Wade thinks the book Racism in a Racial Democracy was powerful because it addresses the problem of racism in Brazil under the ideology of racial equality. Wade commented that Twine gave representative everyday racism which was compelling and detailed. Twine also had the risk of falsely associating racial equality with racism. The book effectively reveals the problem that Brazilians deny the existence of racism with the premises of Brazil is a mixed race country and socioeconomic status was the main element that sets differences. Twine has successfully addressed racism as a problem in the Brazilian society when it was still a taboo. Twine made effective communications with the Afro-Brazilians through her interview questions, as she revealed Afro-Brazilians' perception in the community and their thoughts on racism. Twine tended to understand racism in Brazil from an American point of view, and showed Vasalians' false perceptions and unawareness of racism. Wade would like to hear more comments about the town of Vasalia in a bigger picture, and its comparison with Bahia, where the majority of the population was Afro-Brazilians.

=== Evandro Camara's Book Review ===
Review by Evandro Camara in the American Journal of Sociology 104 (1998): 911-913.

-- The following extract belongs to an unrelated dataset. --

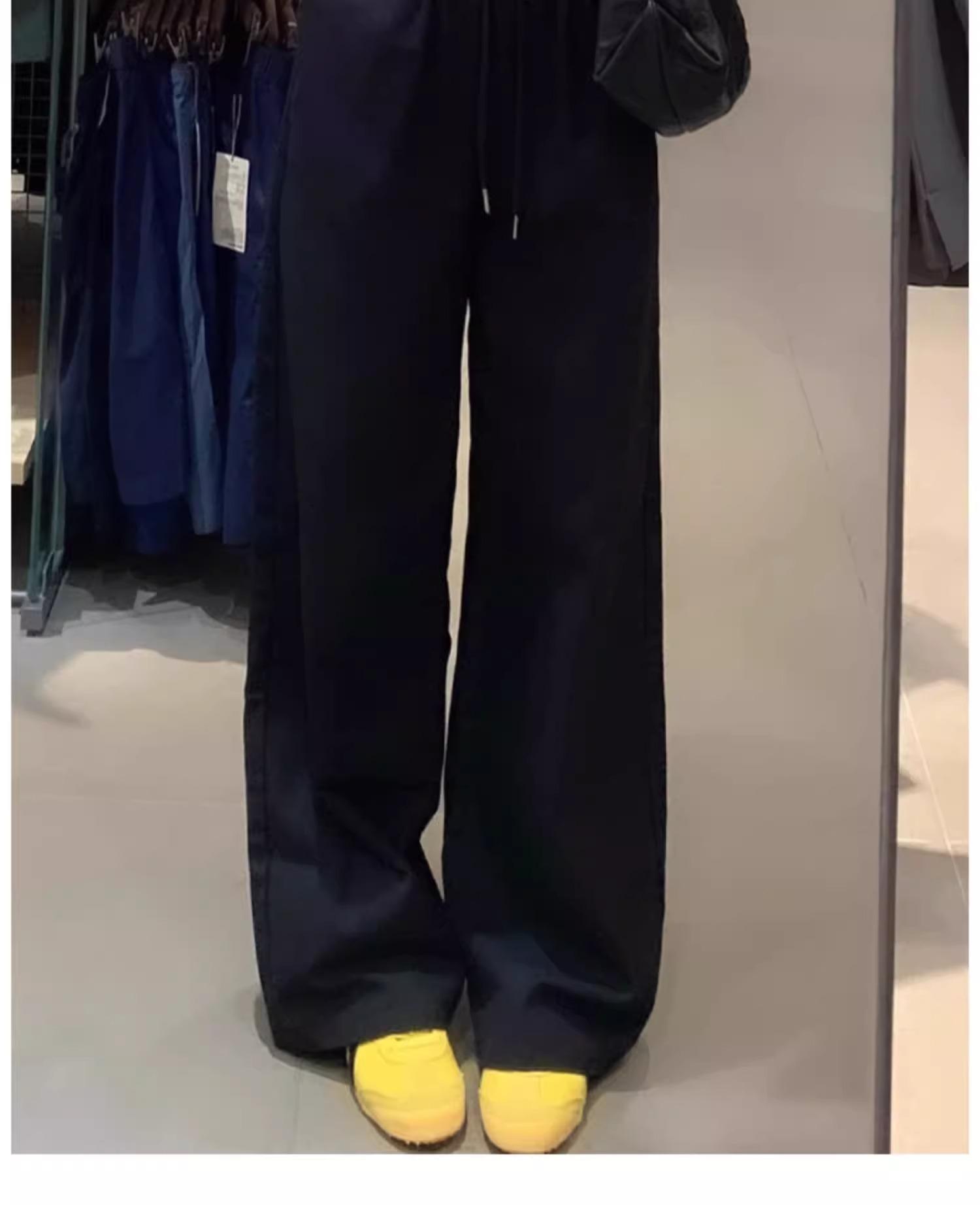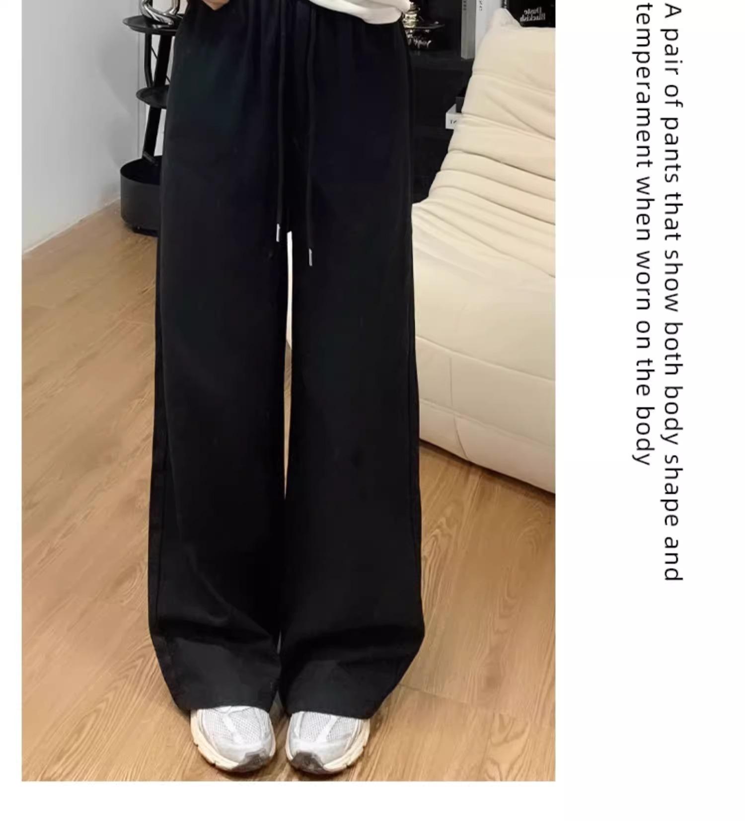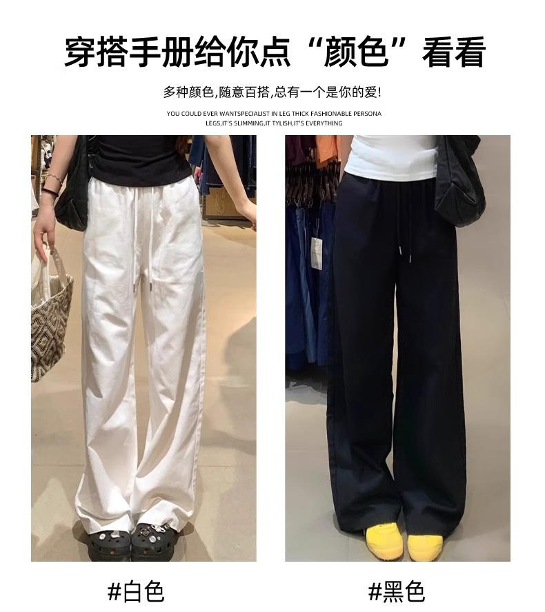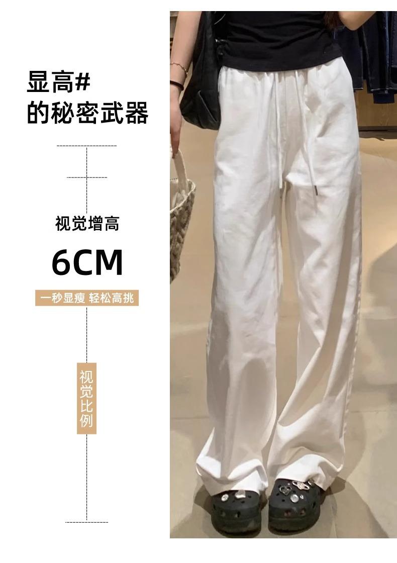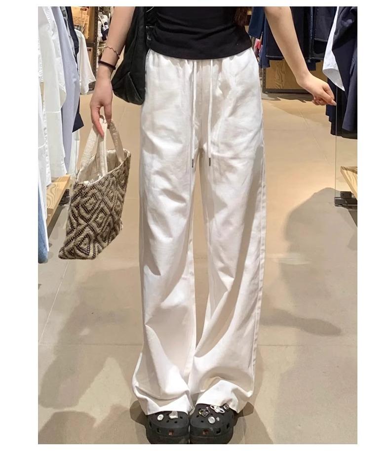 Pantalones blancos de pierna ancha para mujer Primavera y Otoño 2025 Nuevos Cintura alta Sueltos Adelgazantes Pequeños mezclilla Algodón y lino Pantalones rectos

Camara reviewed Twine's Racism in a Racial Democracy and impressed by how Twine addressed racism and white supremacy in the book, which raised readers' awareness. However, Camara thought that the work displayed "the familiar sins of the revisionist scholarship." White supremacy was not only a problem exist in Brazil, but it generally exists in the Western society. Camara suggested that Twine should go on to identify particular aspects of the race problem across Brazil instead of narrowing in Vasalia, Rio de Janeiro. While the book was addressing the problem of racism under white supremacy, Twine also portrayed a dual society in Brazil, which is made up of whites and non-whites with the ideology of whitening into one entity. Camara also thought that the book should not simply generalize all the social problems into racism, as some might be related to socioeconomic status. From Camara's perspective, Brazil from the book would be just a country that resembles the US.

=== Bonilla-Silva's Book Review ===
Review by Eduardo Bonilla-Silva NACLA Report on the Americas vol. 35 issue 6 (May/Jun2002): 60.

Racial problems brought attention to scholars, as in Latin America they stressed about their identity as a whole picture. Bonilla-Silva complimented that the book was an advancement on the literature on race in Latin America. Bonilla-Silva thought that Twine had successfully addressed the race issues in Brazil, as Brazil portrayed an ideal image of race equality and inequalities were led by class differences. Twine had effectively provided how Afro-Brazilians thought about race in their daily life, which offered an insight of the problem on racism in a racial democracy background. Bonila-Silva thought that the book lacked a theory on stratification in Brazil. Bonilla-Silva recommended people to read the book as the book would be a powerful source of information to look deeply into Latin America's racial inequalities.